Ordinary compensation income realized by the optionee on the exercise of a
non-qualified stock option is subject to all payroll and withholding taxes,
including Social Security and Medicare taxes. The Company may require, as a
condition to the performance of the Company's obligation to issue or transfer
Common Stock upon exercise of an option, that the optionee pay, or make
provision satisfactory to the Company for the payment of, any taxes (other than
stock transfer taxes) which the Company is obligated to collect with respect to
the issue or transfer of Common Stock upon such exercise, including any Federal,
state, or local withholding taxes.
The Company will be entitled to a deduction for Federal income tax
purposes at the same time and in the same amount as the optionee is in receipt
of income in connection with his exercise.

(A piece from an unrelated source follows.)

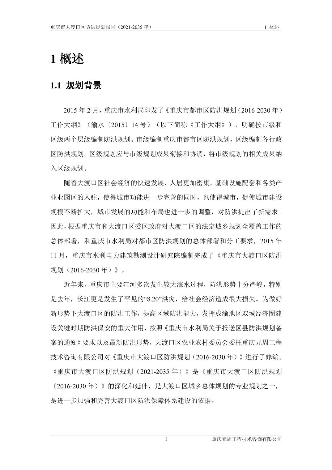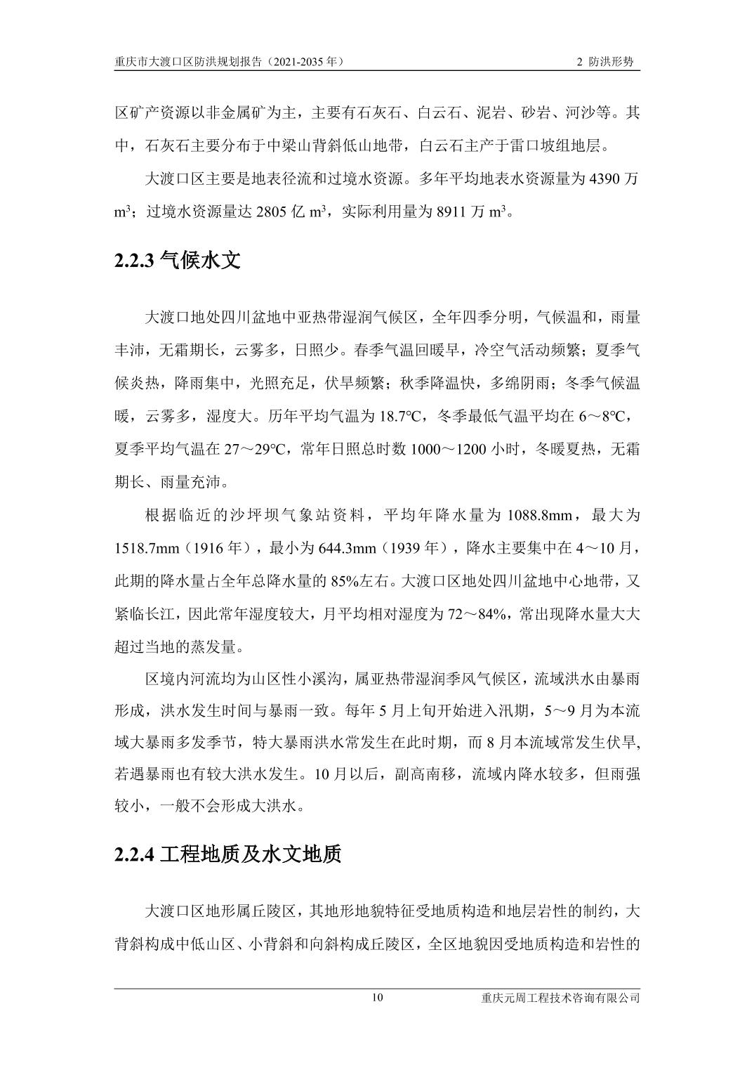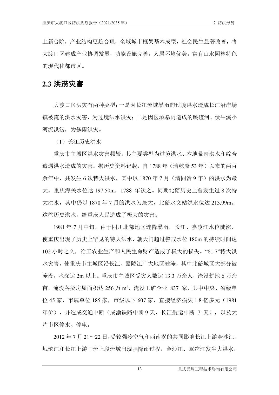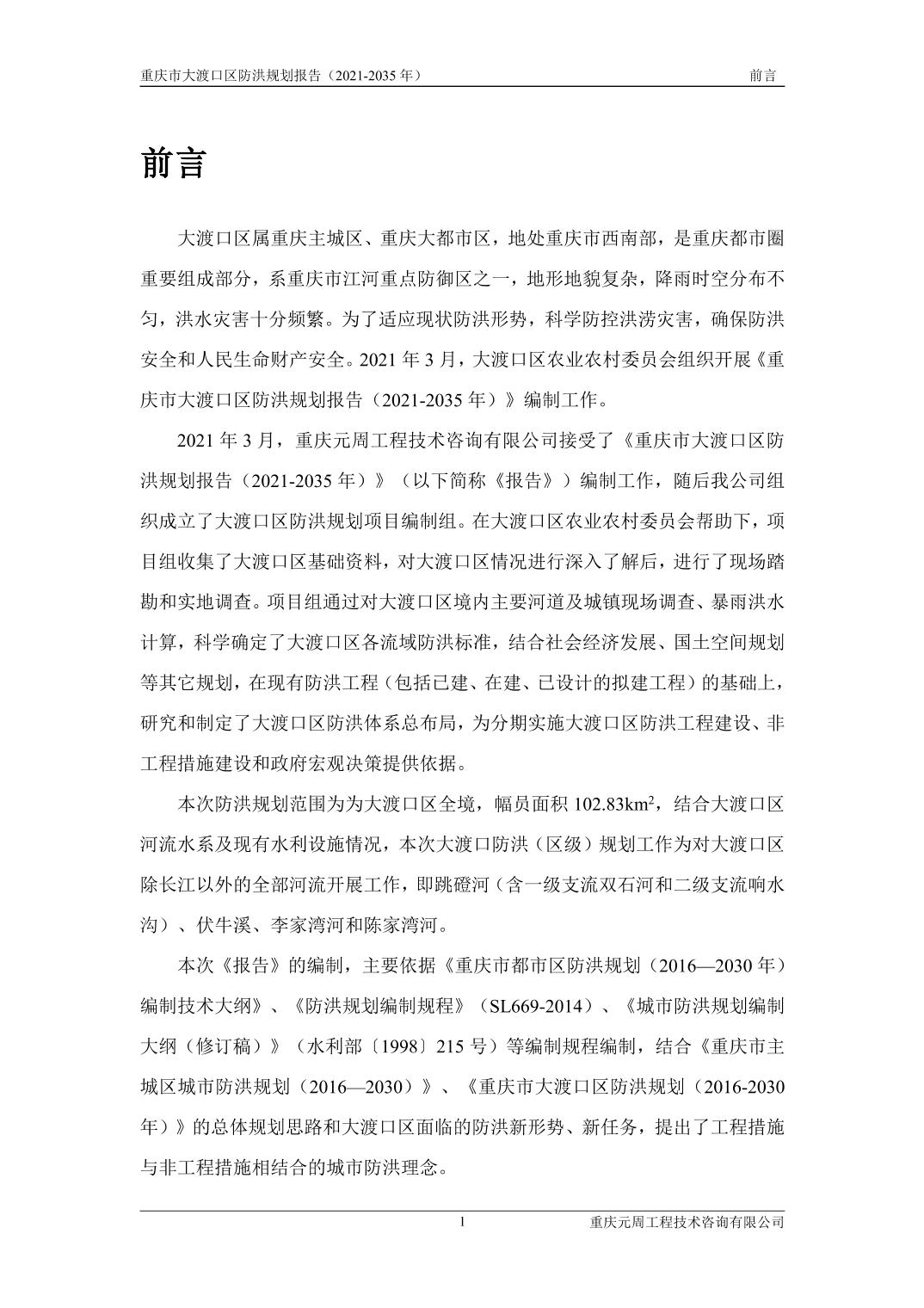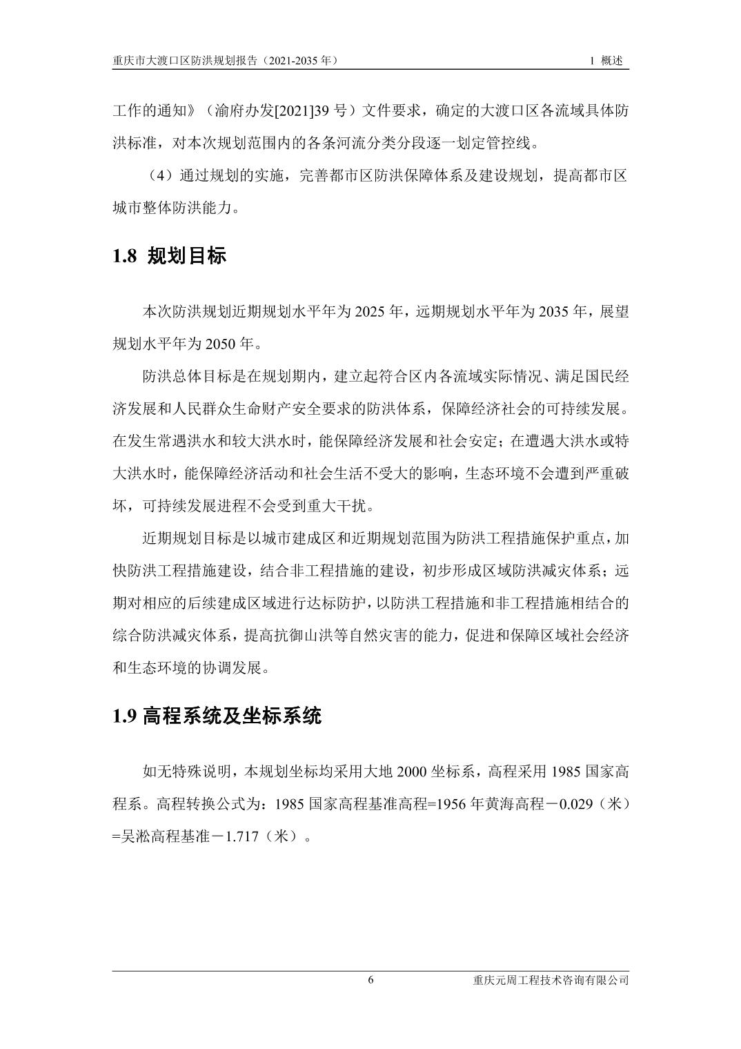 重庆市大渡口区防洪规划(2021-2035年)

Incentive Stock Options. Generally, when an incentive stock option is
granted or exercised, the employee will not realize compensation income and the
Company will not be entitled to any deduction, except in the event of a
disqualifying disposition as discussed below.
If the employee pays the exercise price in cash, the tax basis of the
shares acquired upon exercise will be equal to the amount of cash paid for such
shares and the holding period of such shares will commence on the date of
exercise.
If the employee uses previously owned shares of Common Stock to pay all or
part of the exercise price, the incentive stock option tax treatment of shares
being acquired will not be affected. The employee's tax basis and holding period
for capital gain purposes of the previously owned shares will be carried over to
an equal number of the shares received upon exercise, but the holding period for
incentive stock option tax treatment will begin on the date of the exchange. The
tax basis of all other shares acquired upon exercise will be equal to the amount
of any cash paid for such shares and the holding period of such shares will
commence on the date of exercise. The transaction will not be considered to be a
taxable disposition of the previously owned shares, except that, if the exchange
results in a disqualifying disposition of previously acquired incentive stock
option shares, the exchange will generate compensation income which must be
included in the individual's gross income and will increase the basis of certain
newly acquired shares.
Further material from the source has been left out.